Police called the victims uncooperative but didn’t say whether they were targeted.
“Incidents like this and those we’ve heard about recently in Minneapolis are scary,” St. Paul Police Commander Jeremy Ellison said. “We all need to come together as a community to find solutions.”
Ellison said investigators have determined there were actually two people shooting two different guns. Officers Thursday said they weren’t able to locate any suspects but found five casings and an extended gun magazine at the scene.
The community center was not open at the time.
St. Paul police say the 12 homicides so far this year is the same as this time last year, but authorities say the number of people shot has risen from 44 to 63.
Fourteen of the victims, including the two injured Thursday, were between 7 and 17 years old.
Among the ideas discussed in Friday’s meeting were more community outreach and youth counseling.
“We were able to connect with both mothers of the shooting victims,” said Mike Campbell with the counseling group Healing Streets. “We were able to offer them resources and help and support. Their first thought was for their children.”
Meanwhile, police say they’re putting more officers on the streets.
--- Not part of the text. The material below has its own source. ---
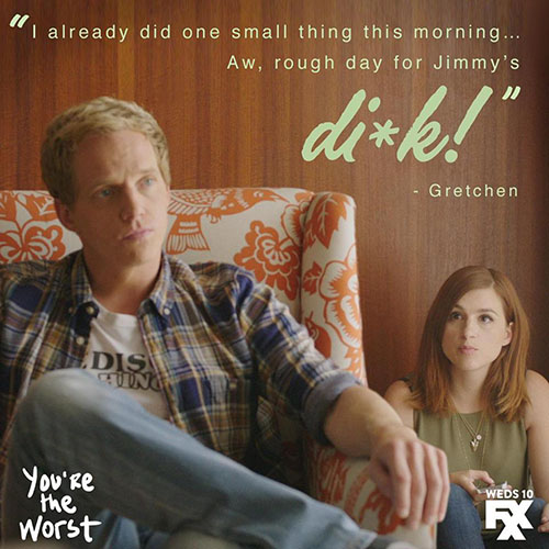 The show acts like an inversion of every other sitcom you’ve seen, giving focus to characters no one likes, casting the standard main characters as side players and extras, and then giving them plotlines that make them seem awful by comparison. I could actually see a companion show to You’re the Worst, modeled on a standard sitcom, focusing on Vernon and Becca as they go about their normal lives that you expect to see. It would be like a reverse Rosencrantz and Guildenstern, while Jimmy and Gretchen take roles more like you’d expect from them. But the magic of You’re the Worst is that it’s not the standard sitcom, that it gives you stories about awful people you don’t expect to see elsewhere, and it makes it feel more real.

"We are immediately putting more resources out there,” Ellison said. “Our officers are stopping by the rec centers, and we are doing trips by there.”
In contrast to the shutdown last summer, the city says all rec centers will return to full programs by June 21. The idea is to give young people resources and a place to go.
"Anytime in this park, from 2 p.m. into the evening, it’s packed,” a park official said during the meeting. “Every amenity is being used, from the basketball court to the turf field to the playing area."